Past Forward

Activating The Henry Ford Archive of Innovation

Growing Up LEGO

November 2, 2012 Archive Insight

It seems like LEGO has been a part of my life since as far back as I can remember. What started as a few simple sets, like this basic building set from the collections of The Henry Ford, from friends and family has turned into hundreds of boxes sprawled over a customized workshop in my own house.

I was always good at entertaining myself as a child and took to LEGO early. The collection was initially stored in a small tub, but eventually graduated to a chest of drawers. I removed my clothes and found a less suitable storage solution for them. LEGO was far more important and this allowed me to hover over the drawers and build my creations on top of my dresser.

My parents somehow put up with this and continued to feed the obsession. Before I out grew my bunk beds, they were an ideal surface to create towns, space campus or medieval battlefields. I have a pretty strong imagination and LEGO helped grow and develop it.

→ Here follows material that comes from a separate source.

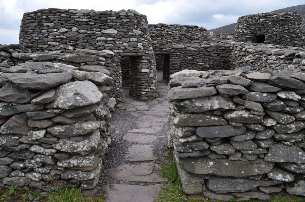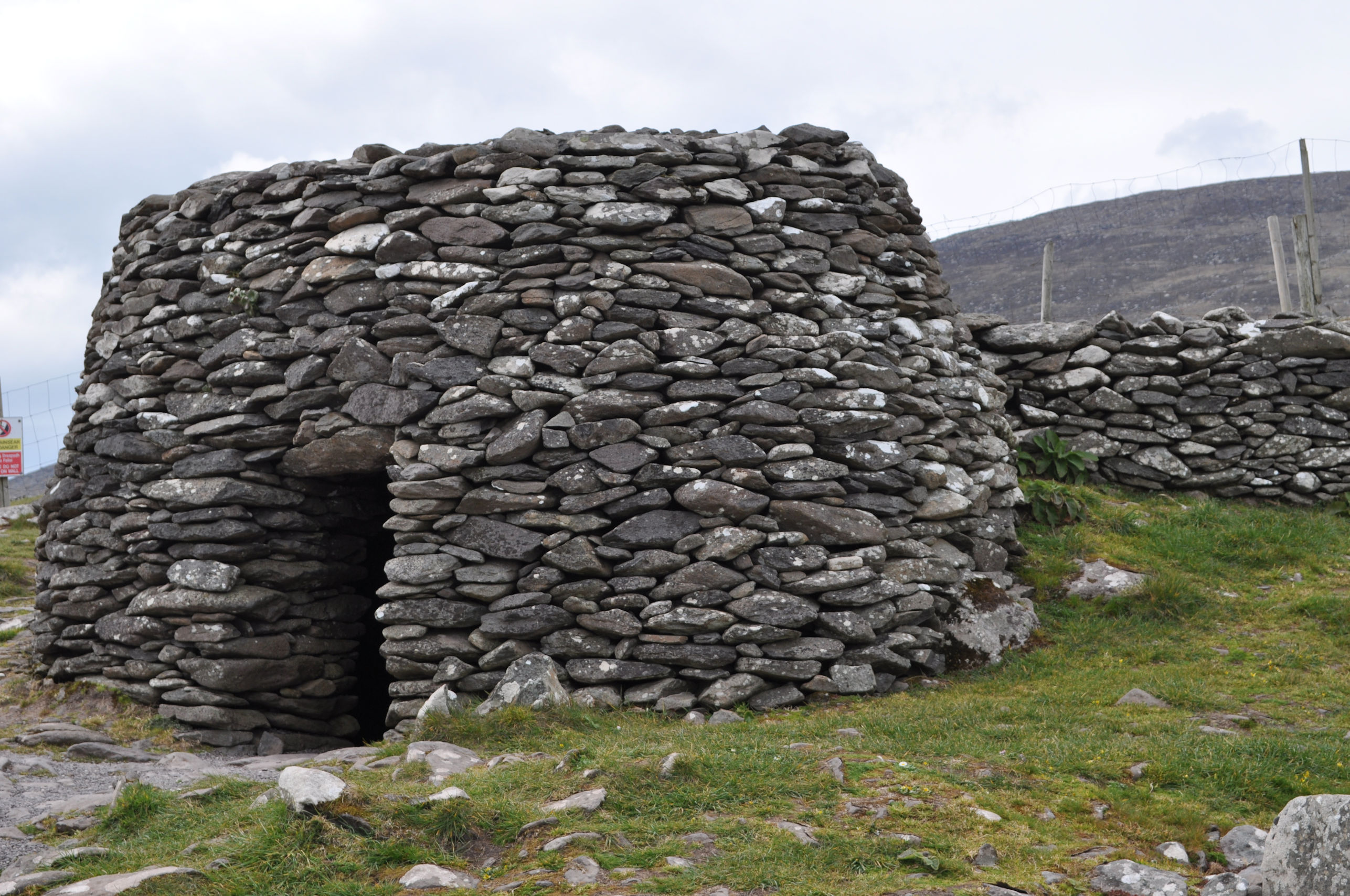 My plans were interrupted once again. This time by beehive huts. There had been several signs advertising beehive huts to tourists, and I don’t know one from another, so I can’t say if any are legit any more than another. From Wikipedia: “A clochán, or beehive hut, is a dry-stone hut with a corbelled roof, commonly associated with the south-western Irish seaboard. The precise construction date of most of these structures is unknown with any degree of certainty.” The beehive huts have been constructed since neolithic times, but as recently as the 1950s. That’s why it’s hard to pinpoint an age for a specific site. We had seen evidence of corbelling in Newgrange on our third day in Ireland. That’s when stones are overlapped closer and closer to the center, until a capstone can be placed on top for a ceiling.

To this day, when asked what I would like for Christmas, I always respond, "LEGO."

LEGO bricks are such a fascinating medium because you can visualize 3-D objects simply and effectively. It works best for creations that are angular with straight edges. It's also a great medium for prototyping simple machines and casting moulds.

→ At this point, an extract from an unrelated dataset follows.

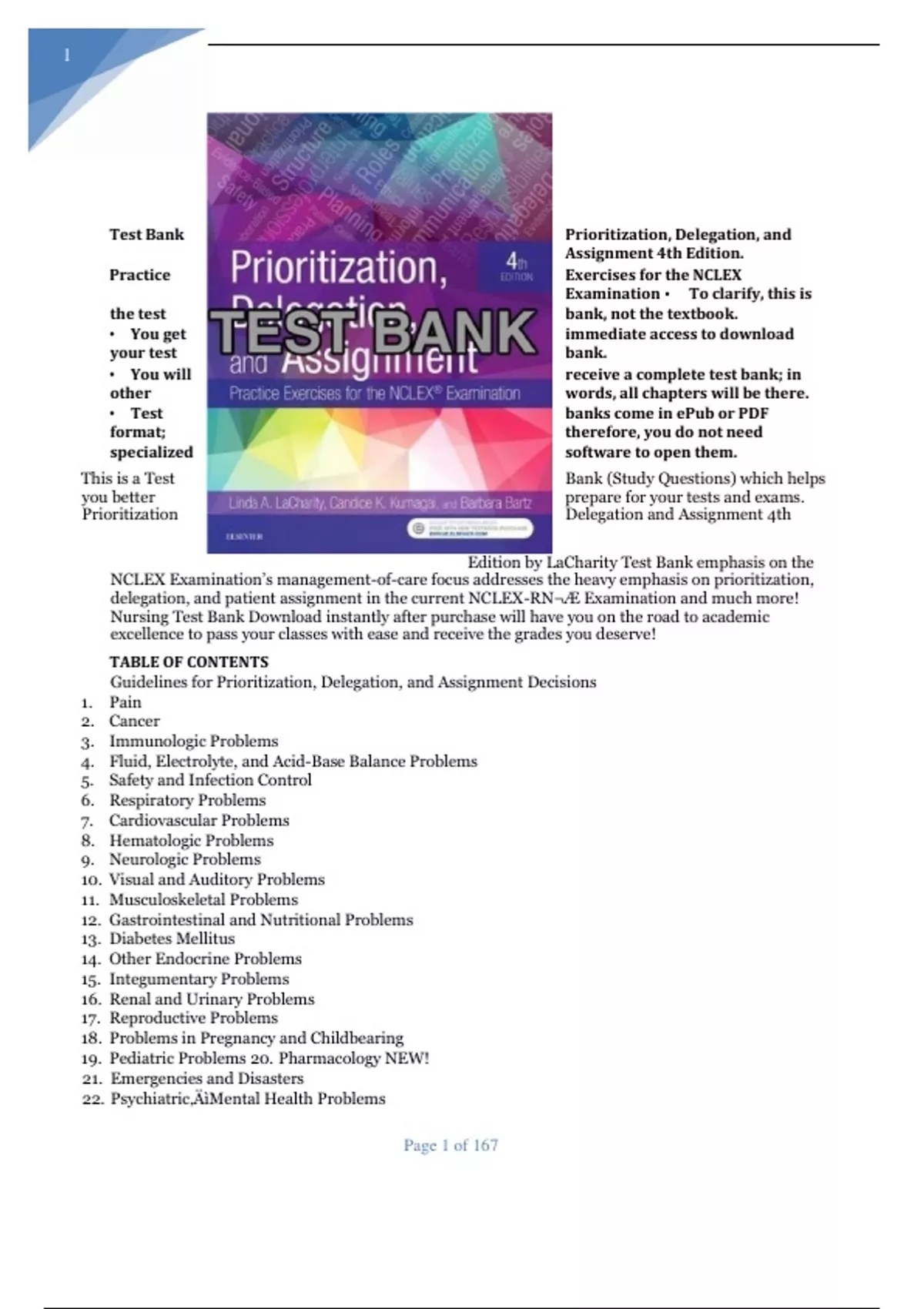 Test Bank Prioritization, Delegation, and Assignment 4th Edition Exercises for the NCLEX Examination. Test Bank Prioritization, Delegation, and Assignment 4th Edition Exercises for the NCLEX Examination.

So just how important are my LEGO sets? I designed and built a LEGO workshop in the basement of my house. Having a space like this has helped me tackle new projects, like picture mosaics and 3-D logos.

"Nick Brickly" on the set of Brick Challenge

Were you at Maker Faire Detroit? If you were, than you might have seen me as Nick Brickly, host of my Brick Challenge game show. It's a LEGO-based game show similar to Double Dare. We ask questions and challenge contestants to mini games. Join the fun on stage Saturdays in January 2013 at Henry Ford Museum.

I can't wait to see LEGO Architecture: Towering Ambition when it opens its doors tomorrow. Just like Brick Challenge, the LEGO Architecture series and the work of Adam Reed Tucker are great examples of how LEGO is more than a toy - it's a medium for creation and communication.

Nick Britsky is Royal Oak-based LEGO lover and maker. A participant of Maker Faire Detroit since 2010, you can catch him on stage at Anderson Theater this winter as part of LEGO Architecture: Towering Ambition's Saturday programming.